Babysitter test-case-generator

Generate comprehensive test cases including edge cases, stress tests, and counter-examples for algorithm correctness verification. Supports random generation, constraint-based generation, and brute force oracle comparison.

install

source · Clone the upstream repo

git clone https://github.com/a5c-ai/babysitter

Claude Code · Install into ~/.claude/skills/

T=$(mktemp -d) && git clone --depth=1 https://github.com/a5c-ai/babysitter "$T" && mkdir -p ~/.claude/skills && cp -r "$T/library/specializations/algorithms-optimization/skills/test-case-generator" ~/.claude/skills/a5c-ai-babysitter-test-case-generator && rm -rf "$T"

manifest: library/specializations/algorithms-optimization/skills/test-case-generator/SKILL.md

test-case-generator

A specialized skill for generating comprehensive test cases for algorithm verification, including edge cases, stress tests, random inputs, and counter-example finding through brute force oracle comparison.

Purpose

Generate test cases for:

Correctness verification against problem constraints
Edge case identification and testing
Stress testing with large inputs
Counter-example finding for wrong solutions
Brute force oracle generation for validation

Capabilities

Core Features

Random Test Generation
- Generate inputs within specified constraints
- Support for various data types (arrays, trees, graphs, strings)
- Configurable distributions (uniform, normal, edge-biased)
- Reproducible tests with seed values
Edge Case Generation
- Minimum/maximum constraint values
- Empty inputs, single elements
- Sorted/reverse sorted sequences
- All same elements, alternating patterns
- Boundary conditions
Stress Testing
- Maximum constraint inputs
- Time limit verification
- Memory limit testing
- Performance regression detection
Counter-Example Finding
- Compare against brute force oracle
- Binary search on input size for minimal failing case
- Automatic test case minimization
- Difference reporting
Data Structure Generation
- Arrays: random, sorted, nearly sorted, with duplicates
- Trees: binary trees, BSTs, balanced, skewed
- Graphs: sparse, dense, DAGs, with cycles
- Strings: random, palindromes, patterns

Integration Options

CLI Tools

QuickTest CLI - Comprehensive CP testing tool:

npm install -g quicktest-cli

# Compare against brute force
qt cmp --solution solution.cpp --brute brute.cpp --gen gen.cpp

# Stress test for TLE
qt stress --solution solution.cpp --gen gen.cpp --time-limit 1000

Stress Testing Script (7oSkaaa):

git clone https://github.com/7oSkaaa/Stress_Testing
# Provides: gen_array(), gen_tree(), gen_simple_graph()

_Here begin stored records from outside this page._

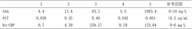 8、查看與其他炎癥指標(biāo)的吻合情況:隨機選取同月份5名患者同一天SAA與PCT、超敏CRP的聯(lián)動情況,符合患者病情變化。
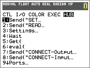 Sie müssen das Hub Menü zur Eingabe von grundlegende TI Befehlen verwenden, wie etwa und . (Drücken Sie ¼ und wählen Sie aus.) |
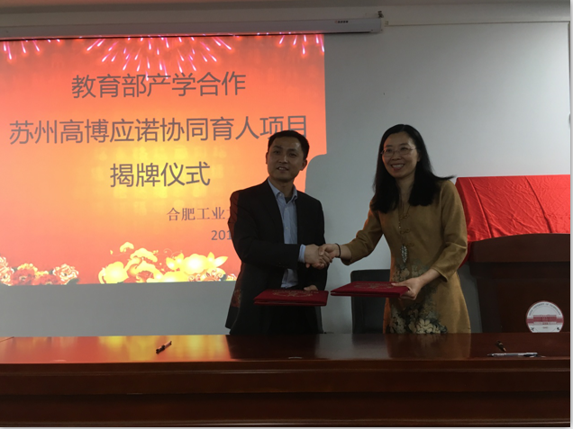 4月11日下午,苏州高博应诺信息科技有限公司总经理周世峰一行带着教育部高等教育司颁发的产学合作协同育人项目牌匾来到我院举行揭牌仪式.我院张莉副院长, 王青山副院长, 殷明教授, 3个专业系部的主任以及20多名同学代表参加了揭牌仪式.
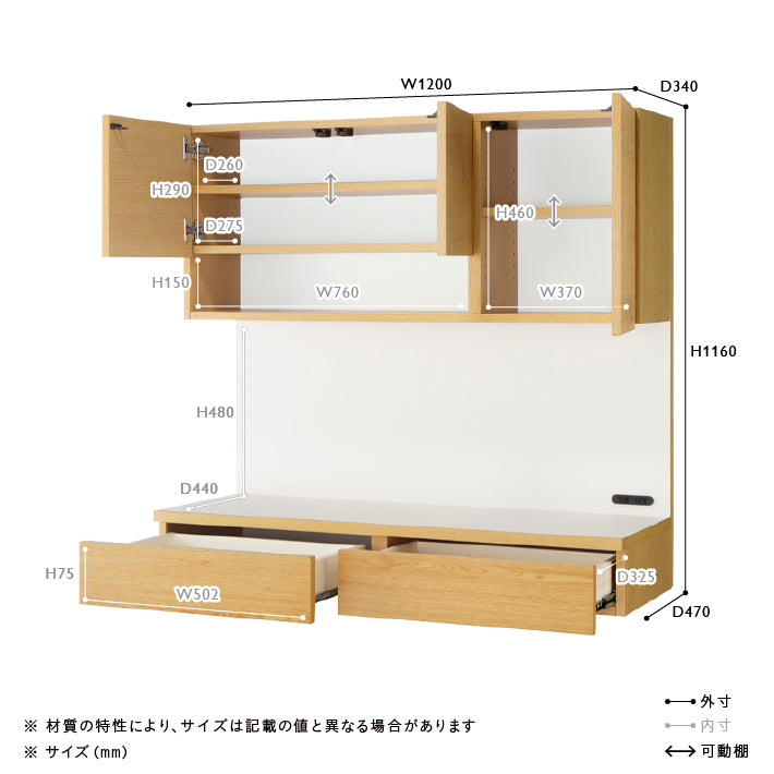 棚板の位置を変えられる可動棚。収納する物に合わせてお好みの位置に調整できます。
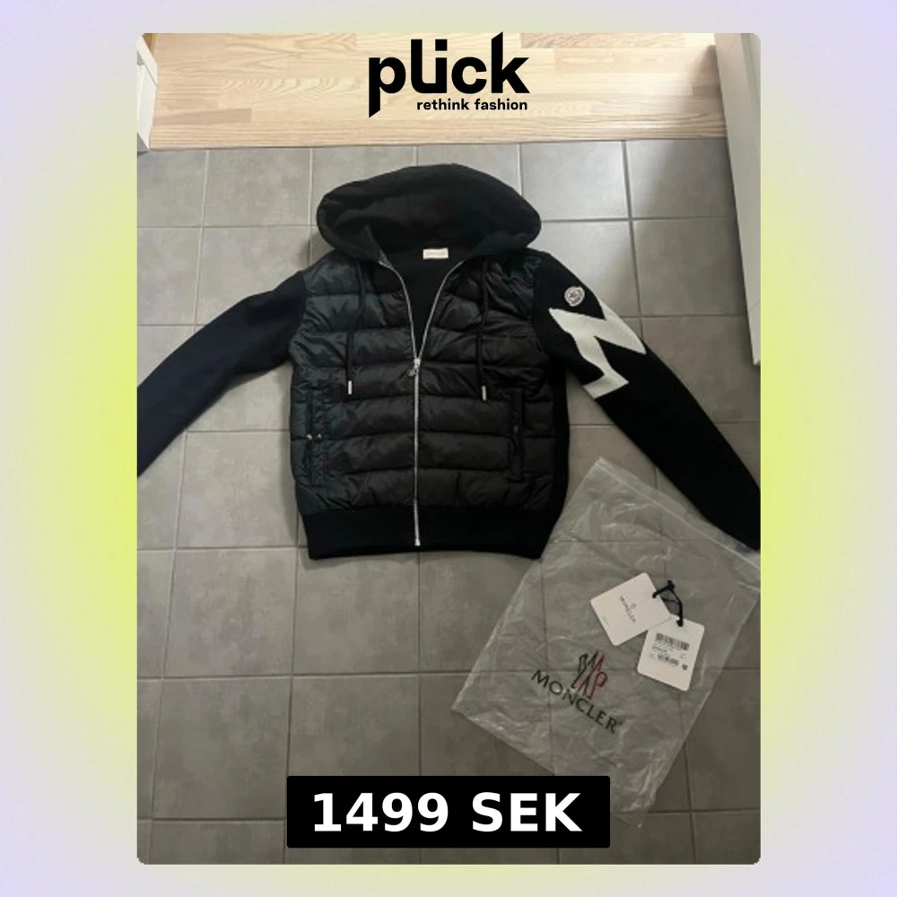 Säljer en sprillans ny jacka då jag bara har testat den, anledningen för jag säljer den är för att det var fel storlek. Som sagt är jackan i nytt skick med etikett och påse då det medföljer skicket på jackan är 10/10 och är perfekt för våren som är runt hörnet då denna jacka ska bäras. Storleken på denna jackan är liten som Moncler i sig har små storlekar skulle säga att den sitter som xs och en liten s för att den ska kunna sitta bra. Skriv för funderingar. Scan innanför jackan och på loggan

testlib.h (Codeforces Standard)

#include "testlib.h"

int main(int argc, char* argv[]) {
    registerGen(argc, argv, 1);

    int n = opt<int>("n", rnd.next(1, 100000));

    println(n);
    println(rnd.any(range(n), [](int) {
        return rnd.next(-1000000000, 1000000000);
    }));

    return 0;
}

Usage

Generate Random Test Cases

# Generate array test cases
test-case-generator array \
  --min-size 1 \
  --max-size 100000 \
  --min-value -1e9 \
  --max-value 1e9 \
  --count 100

# Generate graph test cases
test-case-generator graph \
  --nodes 1000 \
  --edges 5000 \
  --type undirected \
  --connected true

Generate Edge Cases

# Automatic edge case generation
test-case-generator edge-cases --problem "two-sum" --constraints constraints.json

# Output includes:
# - Empty array []
# - Single element [x]
# - Two elements (match/no-match)
# - All same elements
# - Maximum array size
# - Maximum/minimum values

Stress Testing

# Compare solution against brute force
test-case-generator stress \
  --solution solution.cpp \
  --brute brute.cpp \
  --iterations 1000 \
  --timeout 5000

# Output on failure:
# Found counter-example at iteration 47:
# Input: [3, 5, 2, 8, 1]
# Target: 6
# Expected: [0, 2]
# Actual: [1, 2]

Find Minimal Counter-Example

# Binary search for smallest failing input
test-case-generator minimize \
  --solution solution.cpp \
  --brute brute.cpp \
  --failing-input large_input.txt

# Output:
# Original input size: 10000
# Minimal failing input size: 4
# Minimal input: [3, 1, 2, 4]

Output Schema

{
  "testCases": [
    {
      "id": "test_001",
      "category": "edge_case",
      "description": "Empty array",
      "input": {
        "arr": [],
        "target": 5
      },
      "expectedOutput": [],
      "tags": ["empty", "boundary"]
    },
    {
      "id": "test_002",
      "category": "random",
      "description": "Random array, n=1000",
      "input": {
        "arr": [...],
        "target": 12345
      },
      "expectedOutput": null,
      "oracle": "brute_force"
    }
  ],
  "metadata": {
    "generatedAt": "ISO8601",
    "seed": 42,
    "constraints": {
      "n": [1, 100000],
      "values": [-1e9, 1e9]
    }
  }
}

Generator Templates

Array Generator

def generate_array(n_range=(1, 100000), value_range=(-1e9, 1e9), seed=None):
    """Generate random array within constraints."""
    if seed:
        random.seed(seed)
    n = random.randint(*n_range)
    return [random.randint(*value_range) for _ in range(n)]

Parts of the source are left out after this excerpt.